The Local Government Area of Ethiope East is located in the center of Delta State, Nigeria . Although it is not directly adjacent to Asagba, Asamagidi, Orerokpe, Ovwori, Orhokpokpor, Eruemukohwarien, Ekrokpe, Ughelli, or Agbasa, these places are nearby. The local government of Ethiope East is home to three districts and 67 settlements. Agbon, Abraka, and Isiokolo are the districts in Ethiope East and Isiokolo is where the local government administration is headquartered.

It is clear that Ethiope East has contributed to the more than 520 languages spoken in Nigeria. Ethiope East, however, has a multilingual population. Urhobo is Ethiope's predominant language, nonetheless, other spoken languages include Yoruba, Igbo, and Itsekiri are among others. However, the indigenes of Delta state take pleasure in speaking 11 languages, while the majority of people resident in Delta state speak Igbo, Izon, Urhobo, Igala, and Itsekiri.
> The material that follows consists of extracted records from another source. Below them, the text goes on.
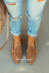 Preppy low-heeled pointed-toe suede shoes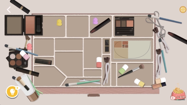 进入化妆关卡后,按照物品的形状进行收纳操作,点击物品并将其放置到合适的位置,即可完成收纳任务。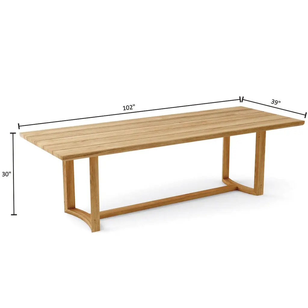 Part of the Borella Collection, the Borella Dining Table is a sturdy and well-built outdoor dining table for the home or yard. Made completely from premium grade unfinished teak and featuring large wide slats, the table fits six Borella Dining Armchairs, making it the perfect table for an outdoor lunch or dinner with family and friends. Be sure to add other pieces from the collection such as the Borella Dining Armchair, Lounge Armchair, Sofa, Coffee Table, and Sun Lounger.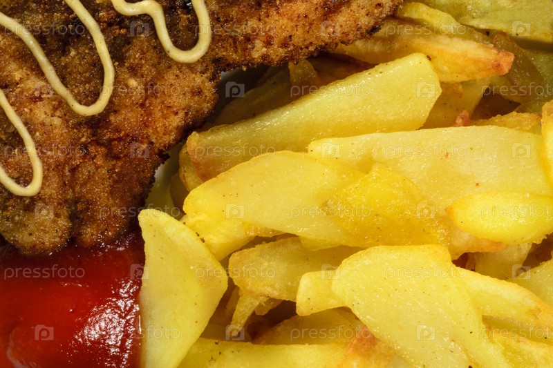Картофель фри с куриными отбивными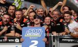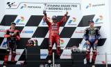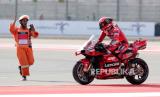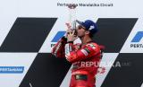 Pembalap MotoGP Italia Francesco Bagnaia dari Tim Ducati Lenovo merayakan usai menjuarai Grand Prix Sepeda Motor Indonesia di Sirkuit Internasional Pertamina Mandalika di Pulau Lombok, Indonesia, Ahad (15/10/2023). (FOTO : EPA-EFE/ADI WEDA)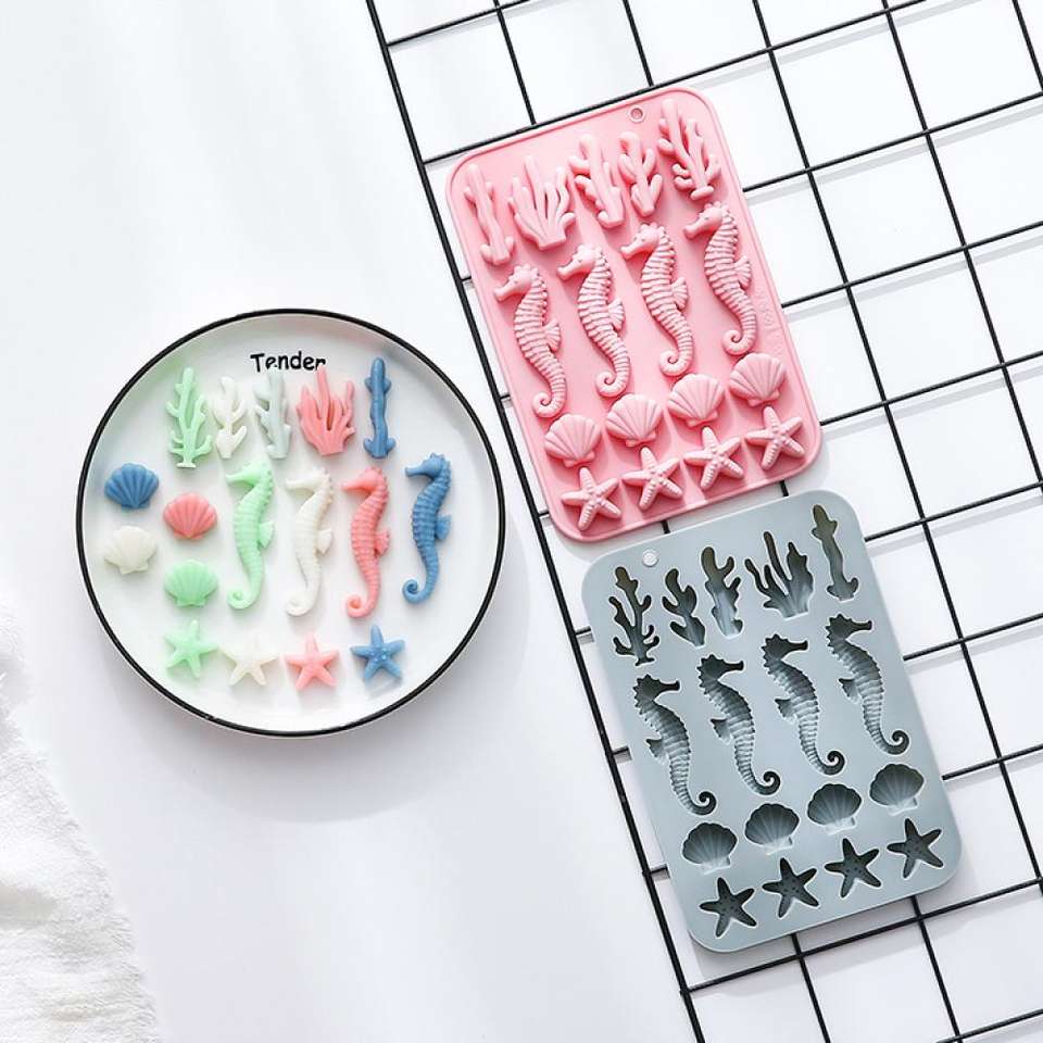 แม่พิมพ์ซิลิโคนรูปปลาทะเล หอย ปลาดาว สำหรับทำขนมเค้ก ช็อกโกแลต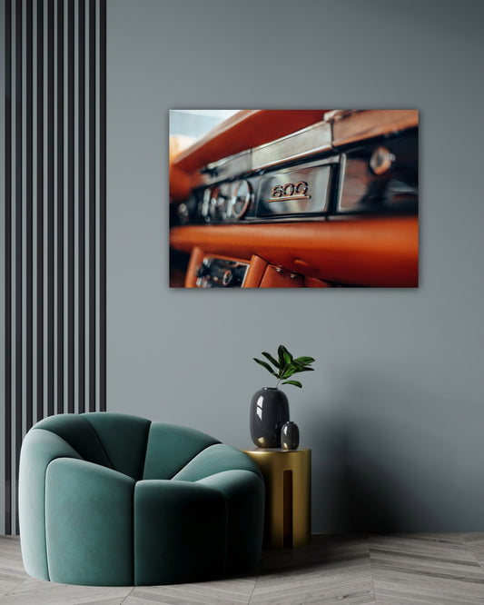 • Nahaufnahme der polierten Acrylglas-Kante eines Wandbilds

Majority of Ethiope East population prefer to communicate with Nigerian Pidgin English since it is simple to comprehend.

There are 73 settlements in Ethiope East, however they all contain the 67 villages that are located in this local government area.

It has an area of 380.00 km and a population of 200,792 persons according to the 2006 census. The postal code of the area is 330.